From 2008 to today, U.S. soybean exports nearly doubled in volume, with an average 7.5 million tons of growth every year.

And then African Swine Fever and a trade dispute with China applied the brakes.

The U.S. Department of Agriculture’s Foreign Ag Service released its “Oilseeds: World Markets and Trade” report Aug. 12. The report stated that 80% of the U.S. soybean trade growth over the past decade was centered on China’s average 5.6 million tons imported annually from the U.S.

However, African Swine Fever is causing China to lower its imports by 11 million tons total from 2017-18, and much of that decline was American soybeans.

“If not for the increase in demand from other markets, spurred in part by lower prices, the current trend in global soybean trade would have turned negative,” the report stated.

Slowing demand, large crops, a buildup of stocks, all means soybean prices are 10% lower than just a few years ago.

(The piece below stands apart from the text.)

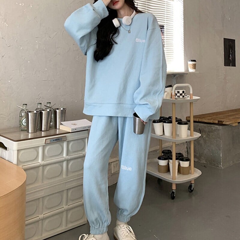 レディース衣装服プレッピースタイル女性トラックスーツ韓国 2 ピースセット薄いスウェットとパンツラウンジウェアスポーツスーツ シャツ Aim72649722880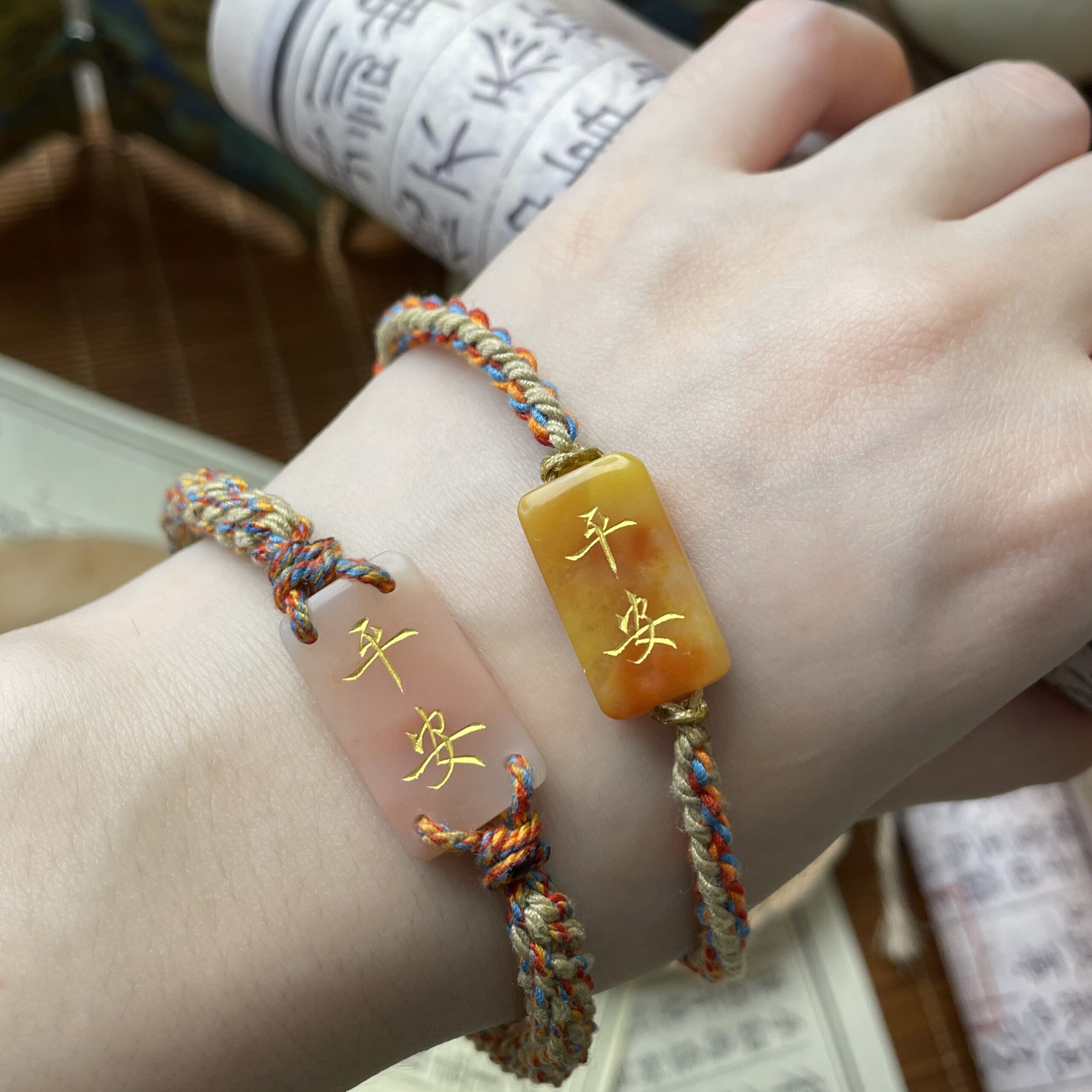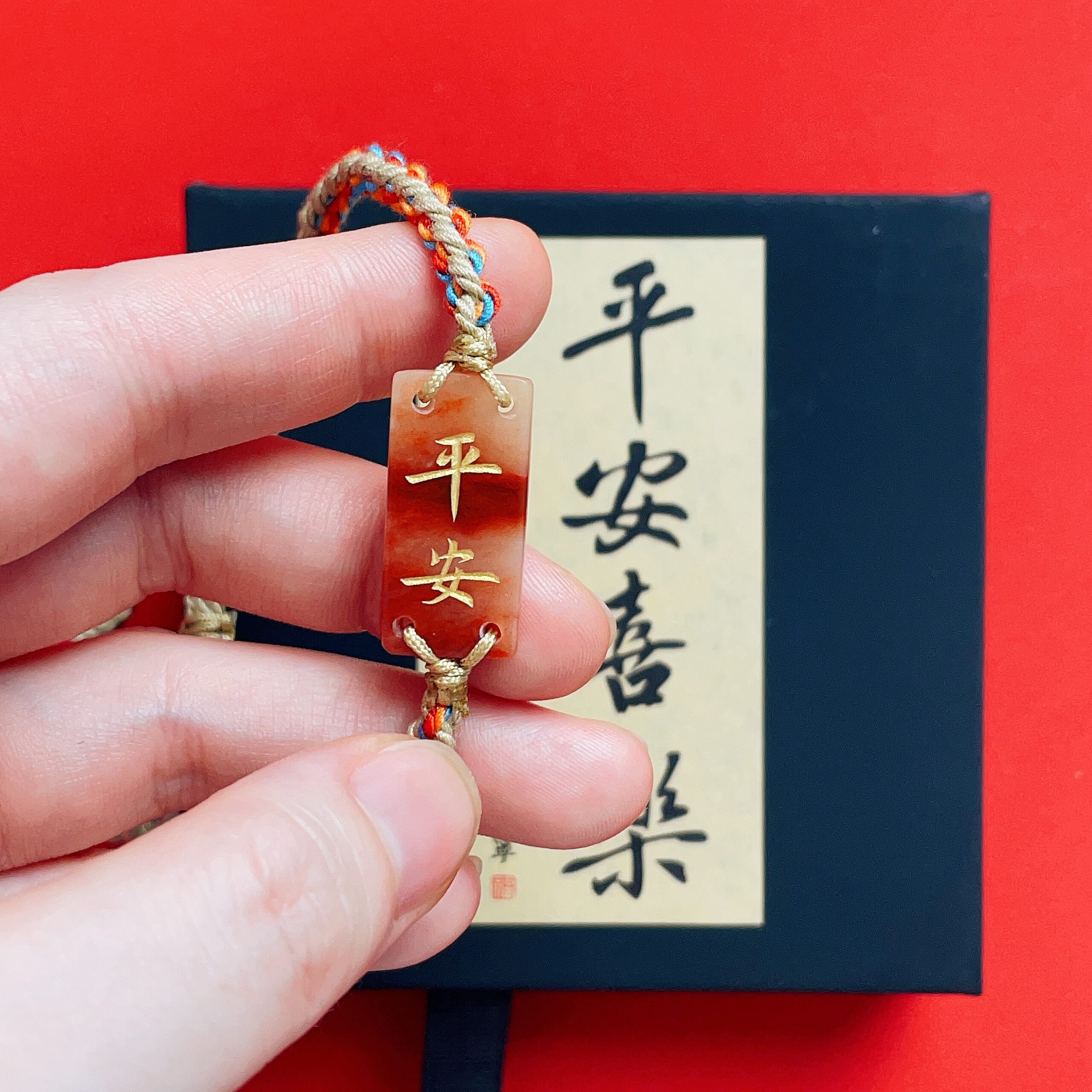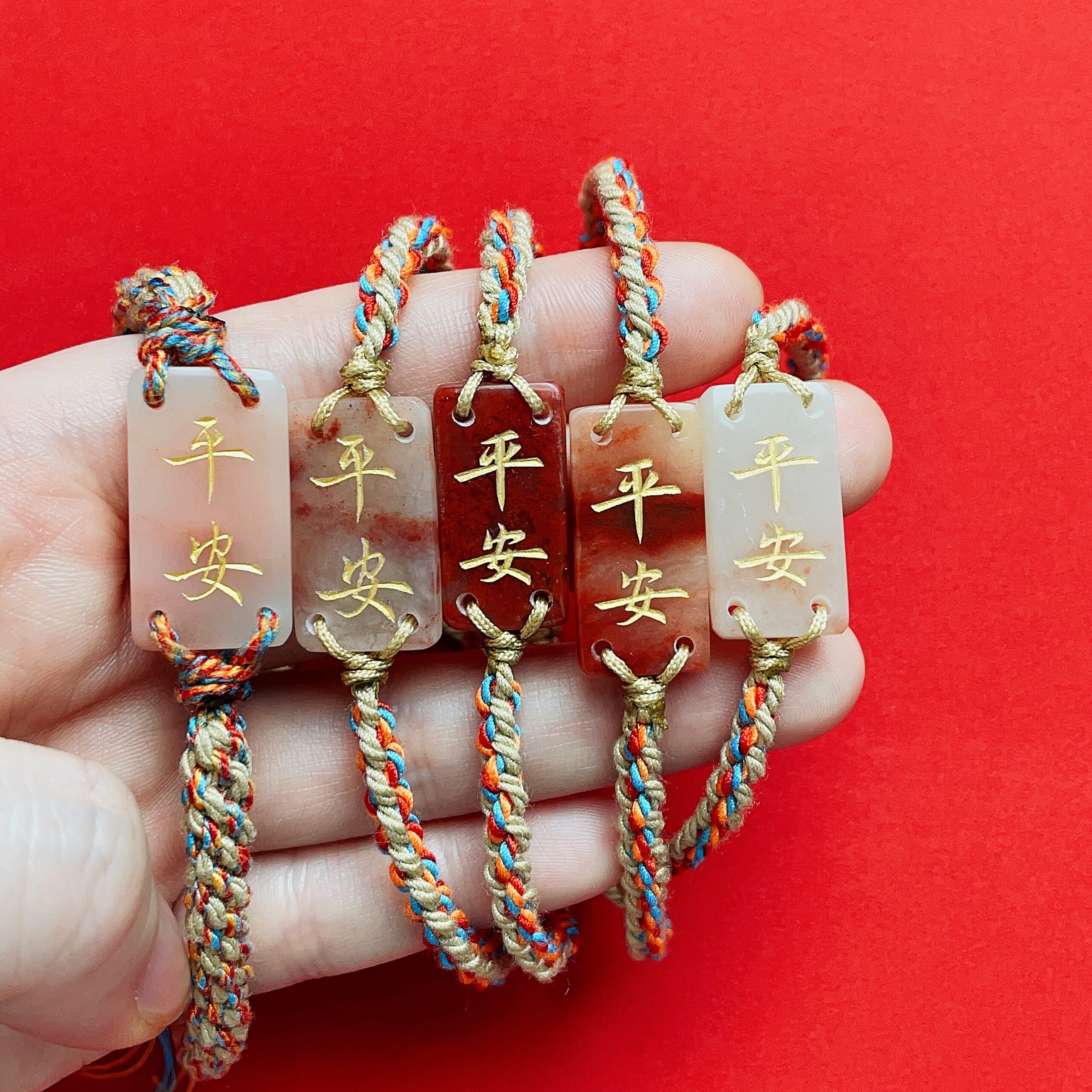 Adorned with gilded Chinese characters “Ping An” (Health & Physical Safety) on its surface, the charm is strung on a hand-woven multicolored cord that is strong, durable and comfortably fits the wrist.

Brazil’s ramp up in soybean production and continued slowing demand in China means it’s even less likely for U.S. soybean prices to reach anything close to $10 per bushel in the near future, the report stated.

“For the week ending Aug. 1, U.S. 2018-19 soybean export commitments (outstanding sales plus accumulated exports) to China totaled 14.5 million tons, compared to 27.9 million a year ago,” the report stated. “Total commitments to the world were 48.8 million tons, compared to 58.5 million for the same period last year.”